Information shown →
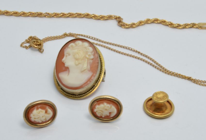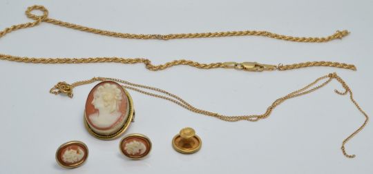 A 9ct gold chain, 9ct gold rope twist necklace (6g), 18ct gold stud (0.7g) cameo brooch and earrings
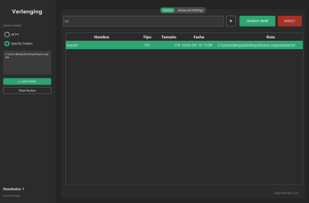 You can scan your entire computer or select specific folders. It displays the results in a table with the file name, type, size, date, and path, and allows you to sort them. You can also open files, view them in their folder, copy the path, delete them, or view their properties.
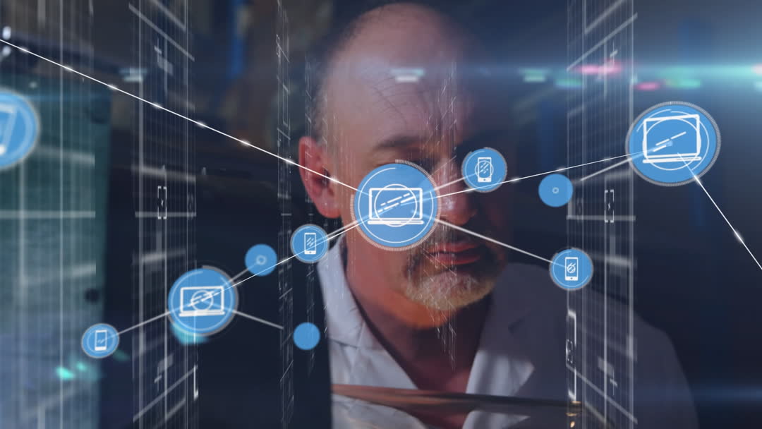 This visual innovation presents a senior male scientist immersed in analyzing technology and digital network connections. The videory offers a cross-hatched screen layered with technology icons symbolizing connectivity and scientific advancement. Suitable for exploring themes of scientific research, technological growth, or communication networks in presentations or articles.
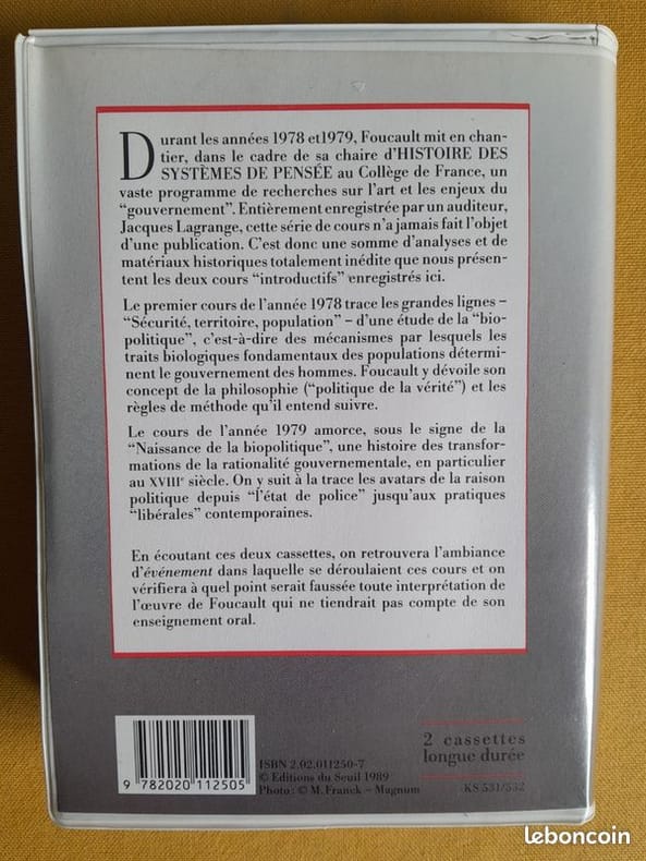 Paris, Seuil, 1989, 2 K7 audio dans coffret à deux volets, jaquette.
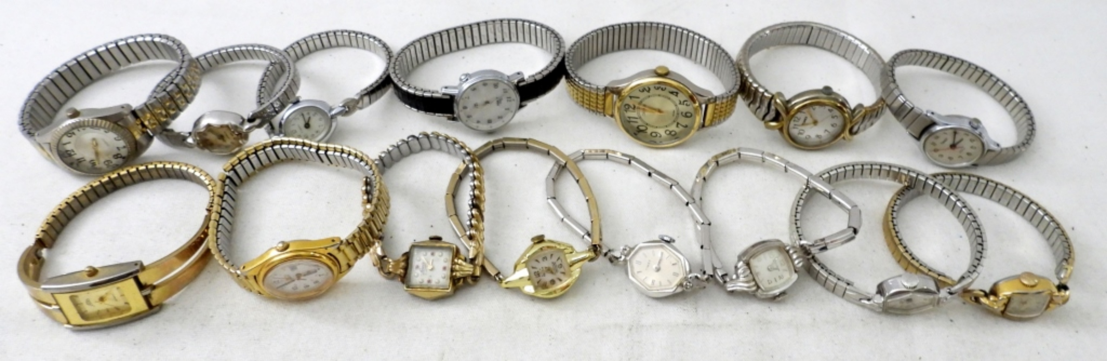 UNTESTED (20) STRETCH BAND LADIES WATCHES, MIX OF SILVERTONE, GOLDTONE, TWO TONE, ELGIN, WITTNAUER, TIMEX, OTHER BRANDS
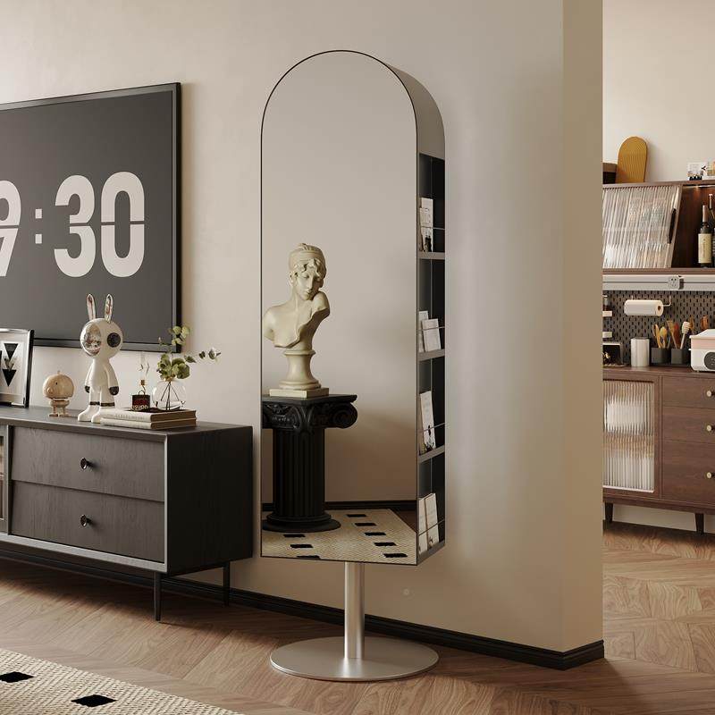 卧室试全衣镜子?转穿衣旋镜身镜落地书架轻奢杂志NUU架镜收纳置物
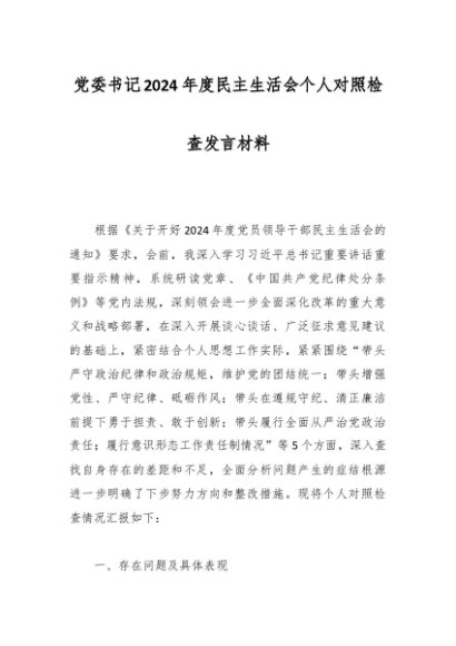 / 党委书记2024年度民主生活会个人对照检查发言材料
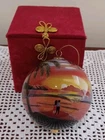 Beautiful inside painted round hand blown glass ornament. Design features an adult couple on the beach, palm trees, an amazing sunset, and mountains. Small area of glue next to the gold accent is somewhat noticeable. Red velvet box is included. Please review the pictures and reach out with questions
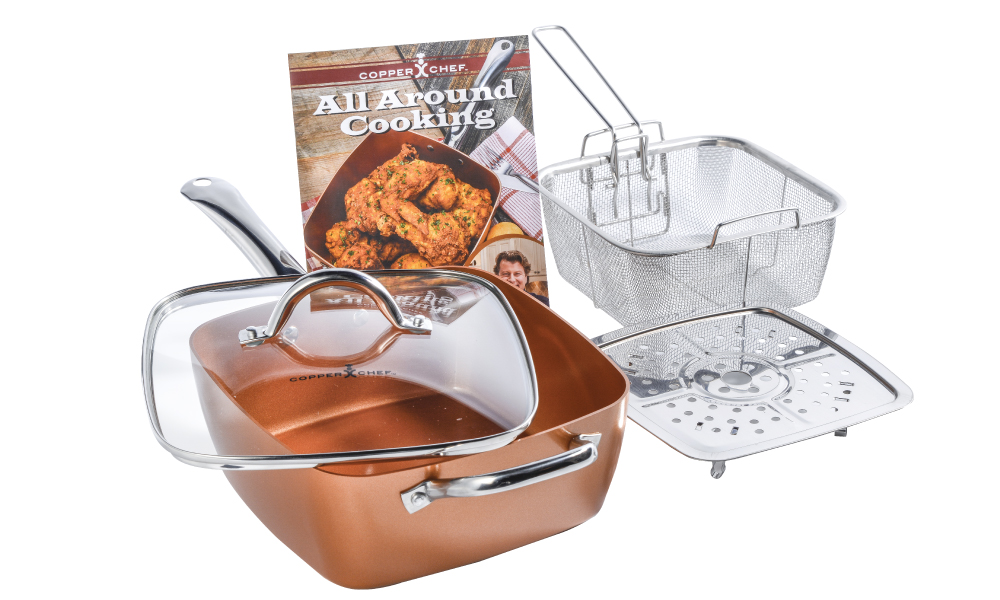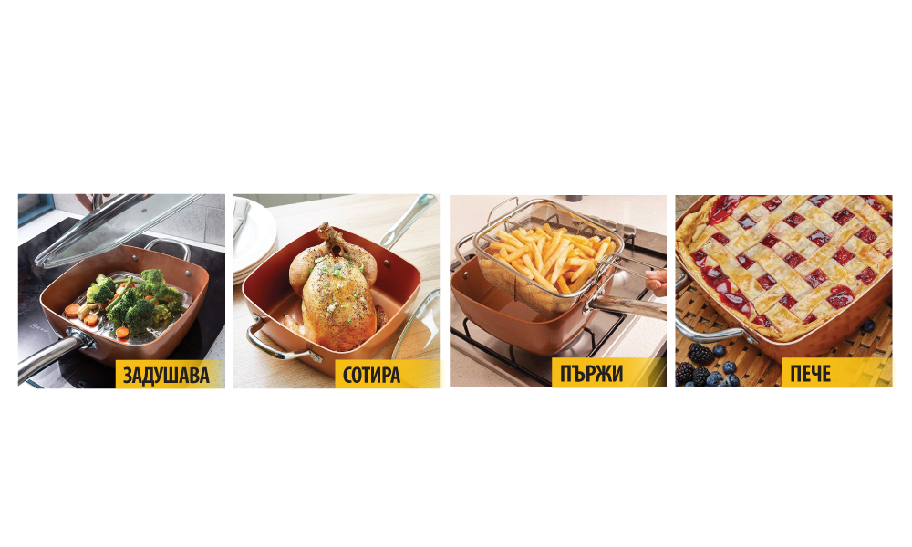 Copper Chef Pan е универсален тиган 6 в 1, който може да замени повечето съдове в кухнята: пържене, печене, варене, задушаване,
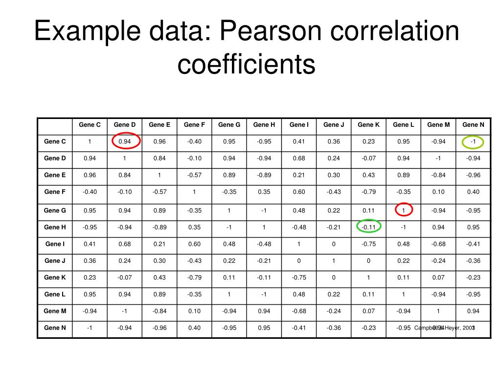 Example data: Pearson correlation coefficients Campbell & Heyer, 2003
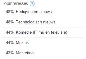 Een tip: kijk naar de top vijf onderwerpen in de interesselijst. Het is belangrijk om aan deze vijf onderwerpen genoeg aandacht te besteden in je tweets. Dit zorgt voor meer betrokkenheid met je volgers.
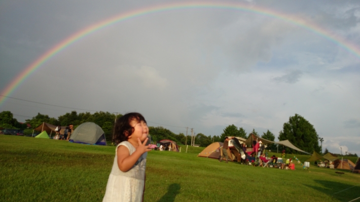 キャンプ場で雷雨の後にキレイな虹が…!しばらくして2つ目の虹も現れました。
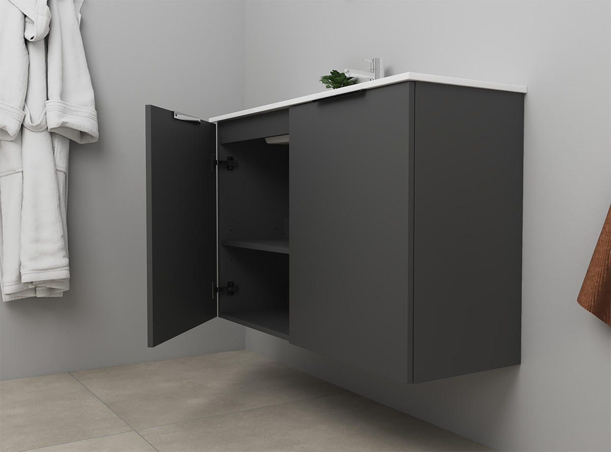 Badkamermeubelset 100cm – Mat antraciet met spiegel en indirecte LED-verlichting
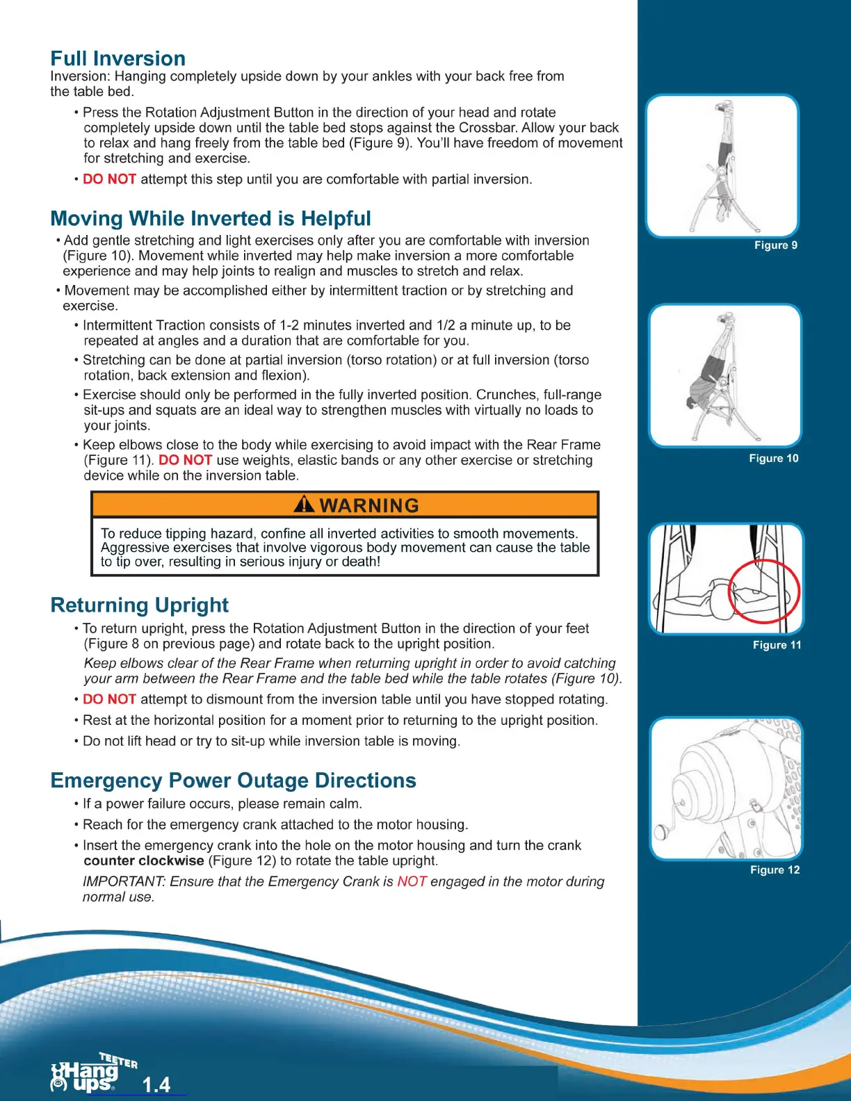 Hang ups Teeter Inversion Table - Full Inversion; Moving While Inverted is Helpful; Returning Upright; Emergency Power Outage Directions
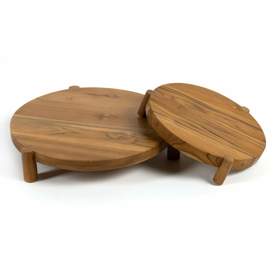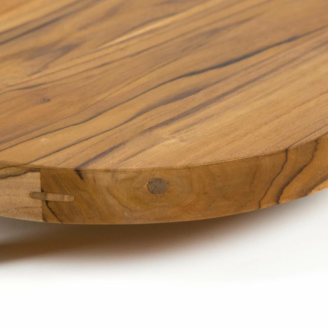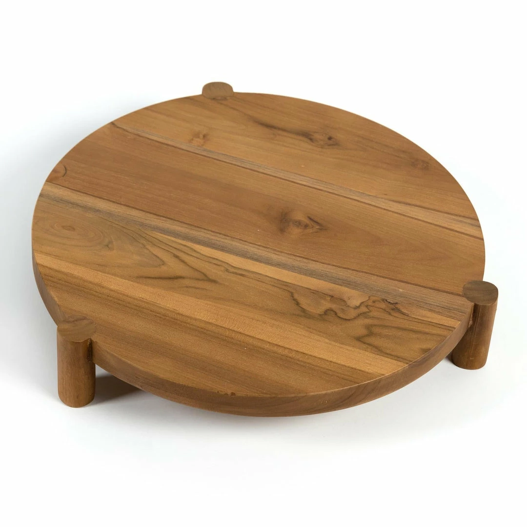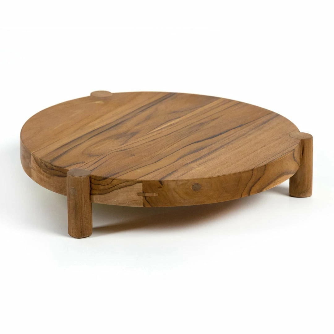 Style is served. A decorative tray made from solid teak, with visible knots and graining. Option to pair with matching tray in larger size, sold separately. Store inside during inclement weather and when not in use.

Exercise instructions →
Each line from the first line of the entries through the line containing "You can scan" should be duplicated word for word, and nothing more; the pictures stay out.

Finished task →
 A 9ct gold chain, 9ct gold rope twist necklace (6g), 18ct gold stud (0.7g) cameo brooch and earrings
 You can scan your entire computer or select specific folders. It displays the results in a table with the file name, type, size, date, and path, and allows you to sort them. You can also open files, view them in their folder, copy the path, delete them, or view their properties.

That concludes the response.